A block of 4-byte constants the assembler emits at the end of (or
inside) a function, so PC-relative ldr instructions can reach them.
Usually invisible to you, the assembler manages it. See
chapter 7.
lr. Link Register (r14).
Holds the return address after a bl. Functions that make further
bl calls must save it on entry and restore it before returning.
See chapter 4.
MMIO. Memory-Mapped I/O. The technique of controlling peripherals by reading and writing special memory addresses. The basis of every ticktrace driver. See chapter 9.
NVIC. Nested Vectored Interrupt Controller.
The CPU's interrupt controller. Has per-IRQ enable, pending, active,
and priority bits. Lives at 0xE000E100. See
chapter 11.
Multicore. The RP2350 has two Cortex-M33 cores that share SRAM and peripherals but have separate register files, stacks, NVICs, and vector tables. See chapter 13.
OD bit.
A bit in each PADS_BANK0.GPIO[n] register that disables the pad's
output driver. Set at reset alongside ISO; both must be cleared
before the pin can drive. See
chapter 9.
Opcode.
The actual bit pattern the CPU executes. Mnemonics like movs map to
opcodes through an assembler table lookup. See
chapter 2.
PADS_BANK0.
The peripheral block that controls electrical settings of each user
GPIO pad, drive strength, pull-up/down, isolation, output disable,
input enable. Base address 0x40038000. See
chapter 9.
pc. Program Counter (r15).
The address of the next instruction to execute. Writing to pc (via
bx, pop, mov, etc.) is how branches happen. See
chapter 4.
Preemptive scheduling. A scheduler where the runtime can interrupt a running task and switch to another at any instruction. ticktrace's scheduler uses NVIC-priority-based preemption: a higher-priority task preempts a lower-priority one; same-priority tasks run to completion. See chapter 12.

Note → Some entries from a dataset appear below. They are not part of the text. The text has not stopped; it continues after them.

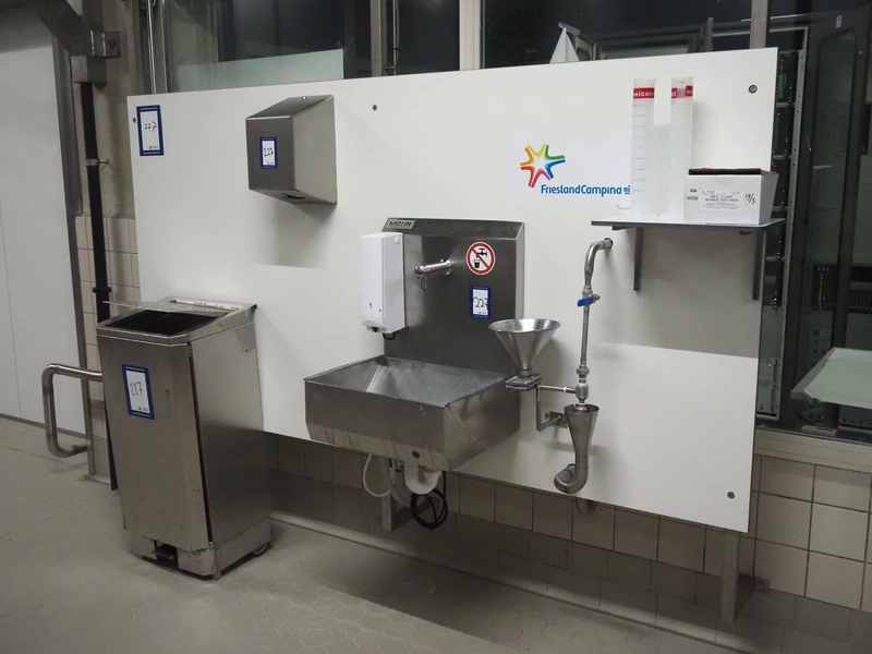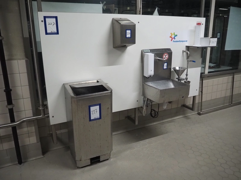 S/s frame with Mohn s/s sink sensor control, CWS plastic soap dispenser, sensor control, Initial Hokatex s/s paper dispenser and s/s waste bin, dimensions: 2500 mm x 1820 mm.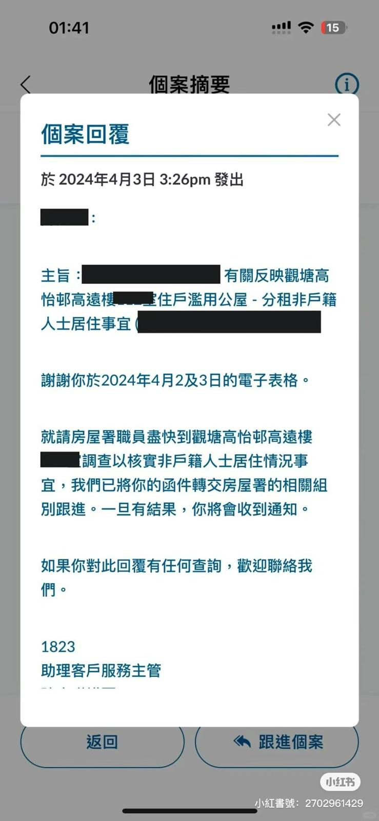 该24岁男子于小红书发帖时,直言“把我父母骗政府的东西举报了”,并附上房署的个案回复截图,根据相片,他分别于4月2日及4月3日提交房署电子表格,举报居住于观塘高怡邨高远楼某单位的父母滥用公屋单位,将单位分租予非户籍人士居住,促请房署尽快到该单位调查、核实违规事宜。该男子亦有上载房署回复邮件,以证明他确实有提交举报表格。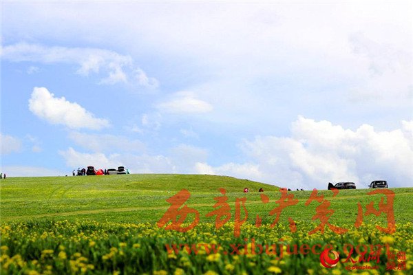 5月29日,游客在新疆裕民縣巴爾魯克山風(fēng)景區(qū)阿克喬克草原踏青賞花。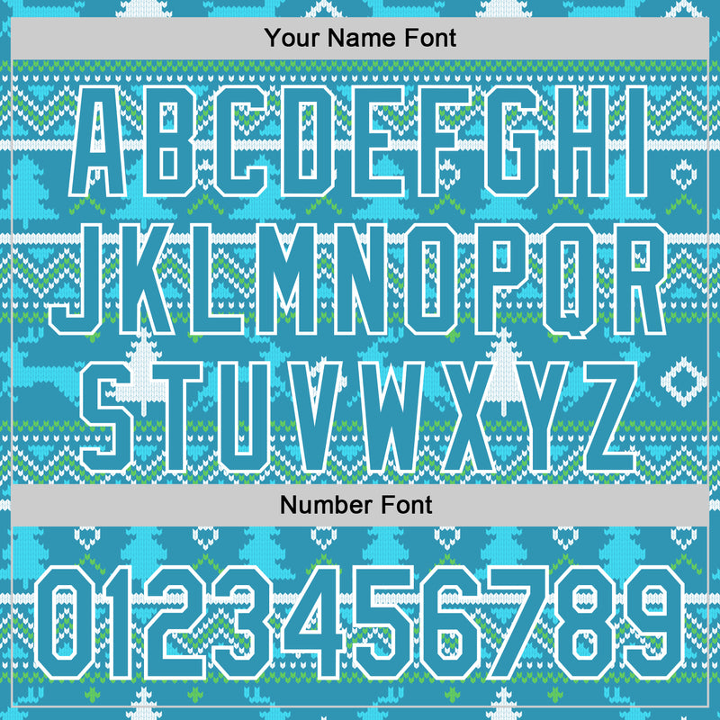 Custom White Light Blue-White 3D Christmas Ugly Sweater Hockey Lace Neck Jersey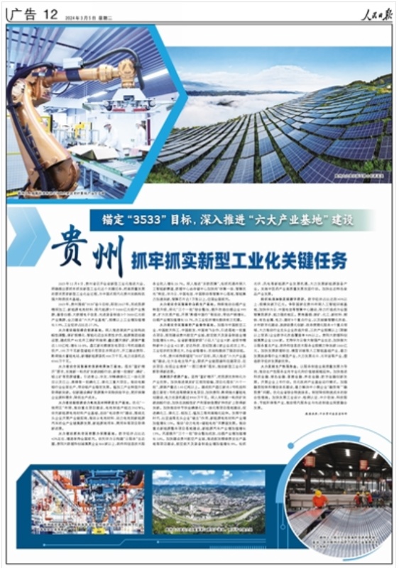 今年,貴州將持續錨定“3533”目標,深入推進“六大產業基地”建設,壯大各地主導產業,狠抓產業鏈圖譜和在建項目、在談項目、擬招企業清單“一圖三清單”落實,推動新型工業化不斷取得新進展。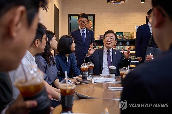 (서울=연합뉴스) 이재명 대통령이 10일 서울 용산 대통령실 청사 직원 식당에서 점심 식사를 한 뒤 구내 매점에서 출입기자들과 즉석 차담을 하고 있다. 2025.6.10 [대통령실 제공. 재판매 및 DB 금지]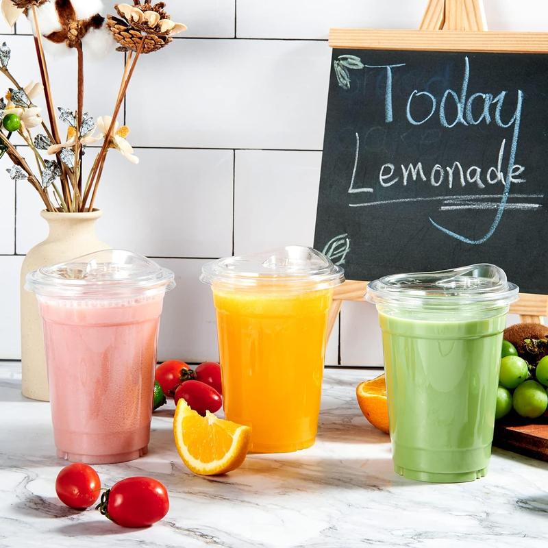 Disposable Plastic Cup with Lid, 50 Set Clear Cup with Direct Drinking Lid, ...

Peripheral. A hardware block on the chip outside the CPU core, UART, I²C, SPI, GPIO, timer, USB, DMA, ADC, etc. Each has a base address and a register map. See chapter 3.
PIO. Programmable I/O.
The RP2 family's unique state-machine engine that can be programmed to
bit-bang custom protocols. See src/pio.S and docs/pio.md.
PL011.
ARM's standard UART controller IP block. The RP2350's UART0 and UART1
are PL011 instances. See chapter 10 and docs/uart.md.
PLL. Phase-Locked Loop.
A clock multiplier. ticktrace uses PLL_SYS to turn the 12 MHz crystal
into 150 MHz clk_sys, and PLL_USB to produce 48 MHz clk_usb. See
src/pll.S and docs/clocks.md.
Push / pop. The Thumb-2 instructions that save and restore register lists on the stack. Always paired. See chapter 8.
QSPI. Quad SPI.
A four-wire variant of SPI used for the external flash on the Pico 2.

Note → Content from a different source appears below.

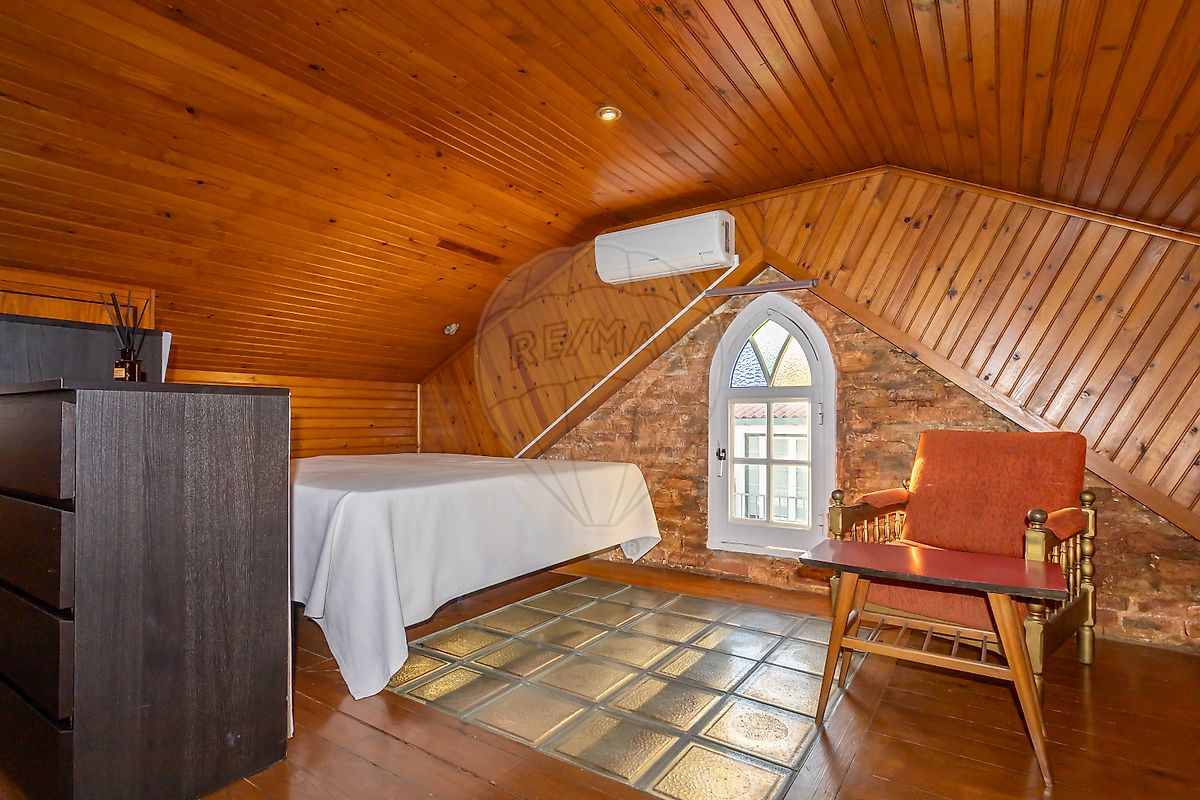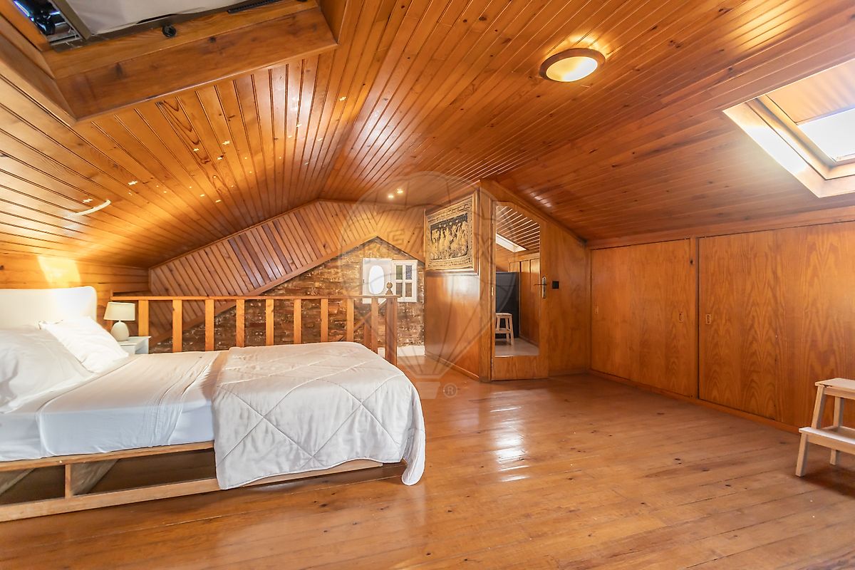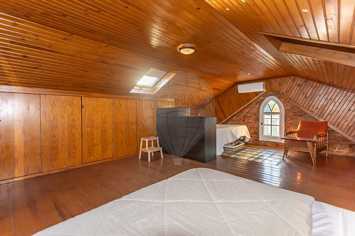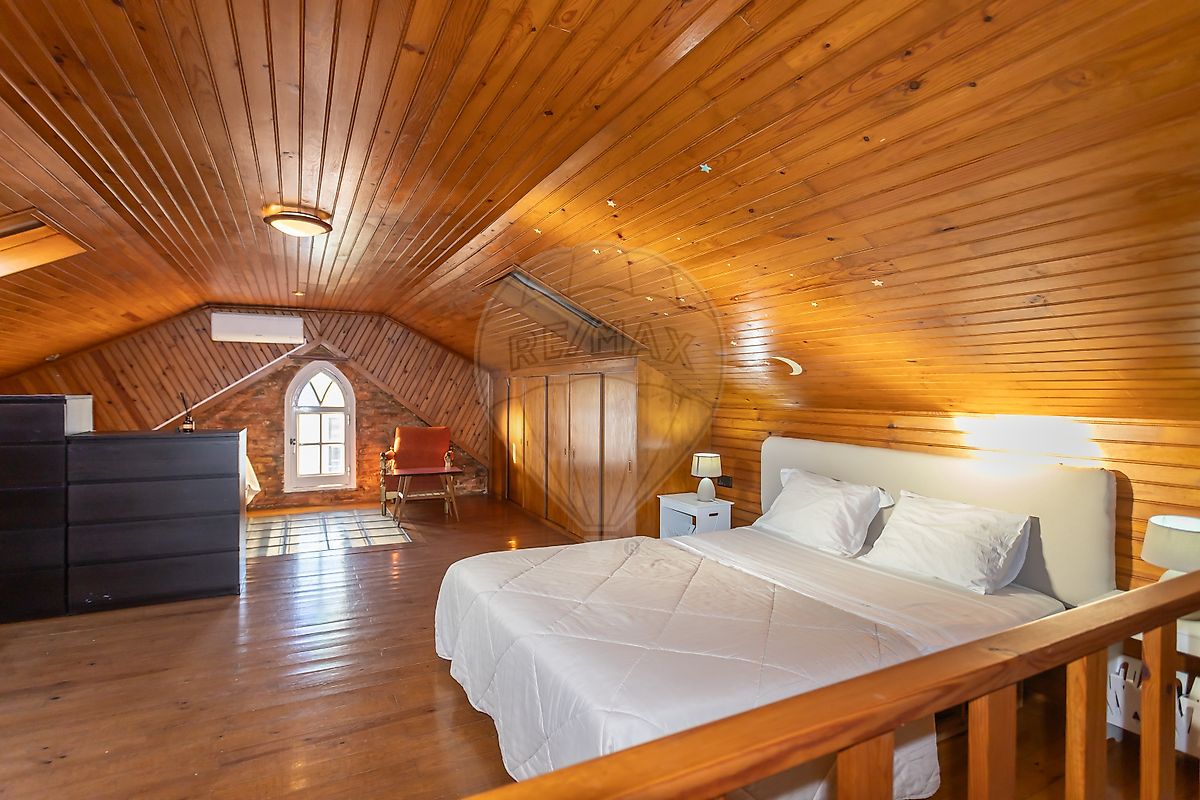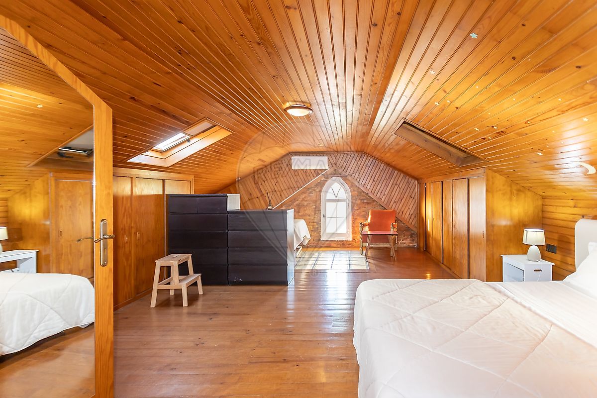 No sotão grande quarto com ar condicionado, casa de banho com base de duche e muita arrumação.

The chip's XIP cache fetches code from QSPI at run-time. See
src/qmi.S.
RTOS. Real-Time Operating System. A piece of software providing a fully-featured scheduler plus synchronisation primitives, timers, message queues, and dynamic task creation. FreeRTOS, Zephyr, ThreadX, ChibiOS are common examples. ticktrace's scheduler is deliberately not an RTOS, it covers a narrower regime with much less code. See chapter 12.
RP2040. Raspberry Pi's first chip (2021): dual Cortex-M0+, 264 KB SRAM, 30 GPIOs. Used in the original Pico. See chapter 3.

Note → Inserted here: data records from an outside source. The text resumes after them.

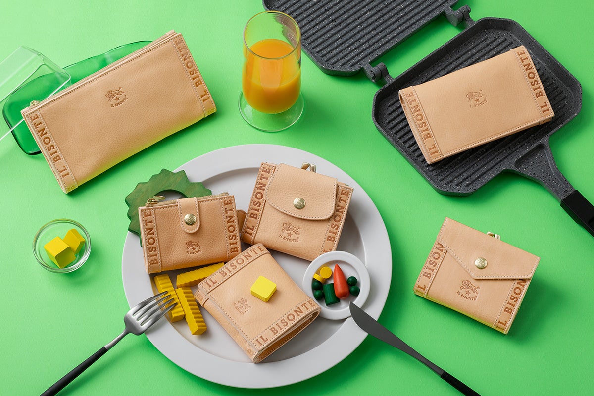 「IL BISONTE」のロゴを刻印したヌメ革テープを両サイドに配した日本限定コレクション。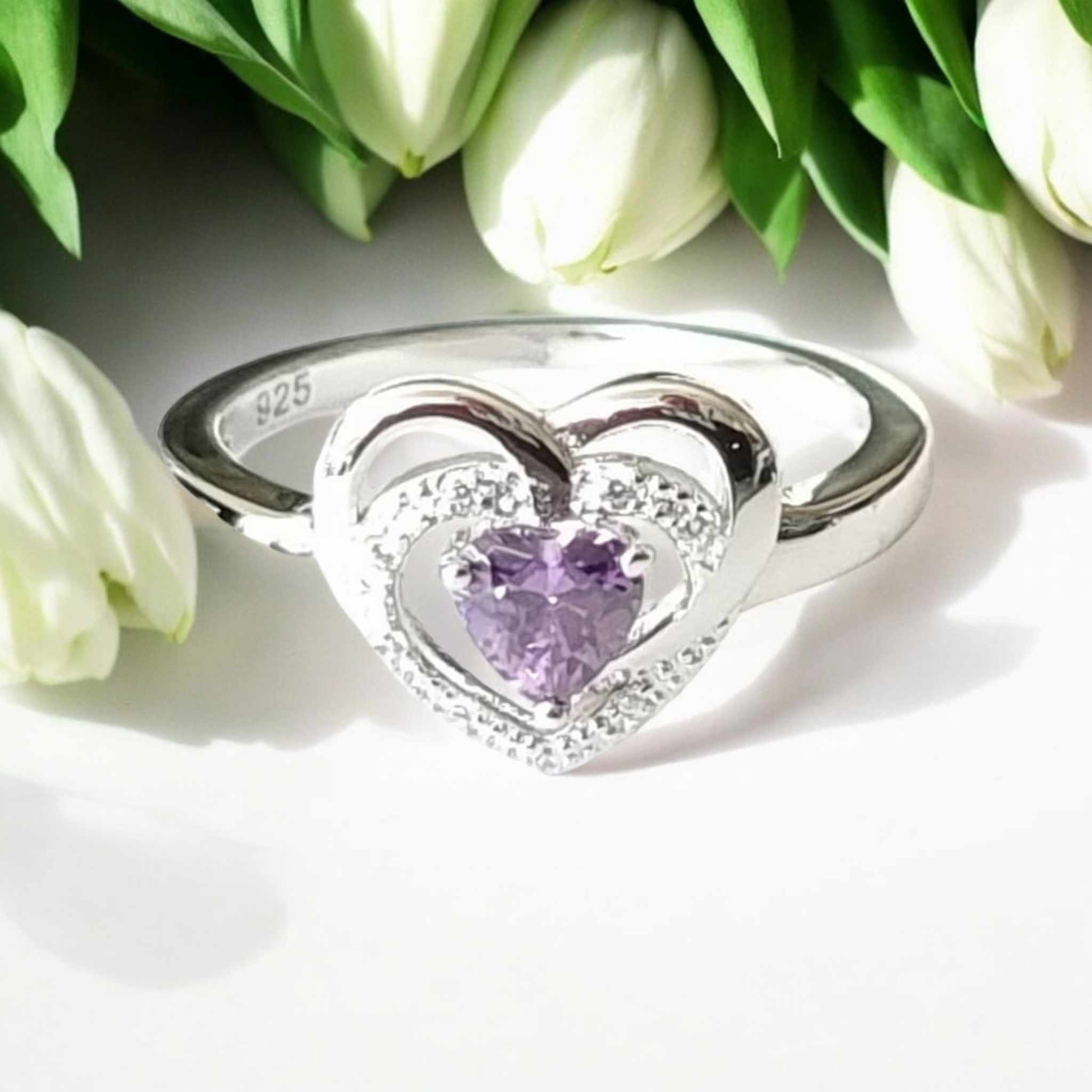 LJSSR87 Sterling Silver Purple Man Made Diamond Heart Ring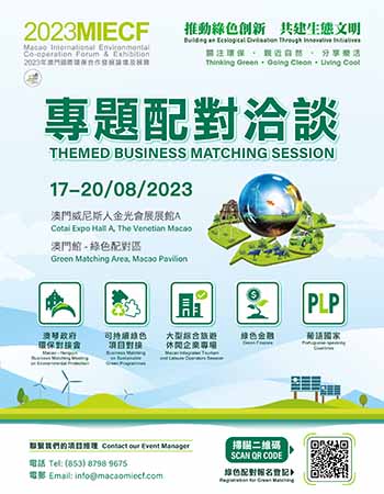 有意參與綠色配對的客商現可掃瞄附圖海報中的二維碼或登入https://www.macaomiecf.com/miecf2023/event/green_matching預先登記,提供配對需求,大會將根據客商的洽談意向,對接合適的合作伙伴,安排現場洽談配對。展會現場提供專業翻譯,綠色配對區內亦有駐場人員可安排業務對接諮詢等配套服務,屆時可與駐場人員接洽。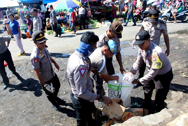 Tribratanewsflorestimur.com – Polres Flotim Polda NTT, dalam rangka menanggulangi dan pencegahan terjangkitnya virus corona, anggota Polres Flotim lakukan bersih – bersih / kurvei yang bertempat di pasar impres Larantuka Kel. Ekasapta Kec. Larantuka Kab. Flotim. Sabtu 14/02/2020

RP2350. Raspberry Pi's second chip (2024): dual Cortex-M33, 520 KB SRAM, 48 GPIOs. Target of ticktrace. See chapter 3.
.rodata. The section for read-only data, string literals, constant lookup tables, etc. Lives in flash on hardware builds. See chapter 7.
SIO FIFO.
A 4-deep inter-core word mailbox in the SIO block, at
SIO_BASE + 0x050..0x058. Used for the multicore_launch_core1
handshake and for general-purpose core-to-core notifications. See
chapter 13.
SIO. Single-cycle I/O.
A peripheral block attached directly to the CPU bus (no APB hop), for
fast access. Houses GPIO drive bits, hardware spinlocks, the inter-core
FIFO, and the interpolator units. Base address 0xD0000000. See
chapter 9.
sp. Stack Pointer (r13).
Points at the current top of the stack. Decremented by push,
incremented by pop. Must be 8-byte aligned at every call boundary.
See chapter 8.
Spinlock.
A busy-wait lock implemented in hardware: read the address to attempt
acquisition, write to release. The RP2350 has 32 of them at
SIO_BASE + 0x100 + n*4. Use briefly, while one core holds the
lock, the other spins. See chapter 13.
SPI. Serial Peripheral Interface.
A four-wire full-duplex serial bus. The RP2350 has two PL022 SPI
controllers. See src/spi.S and docs/spi.md.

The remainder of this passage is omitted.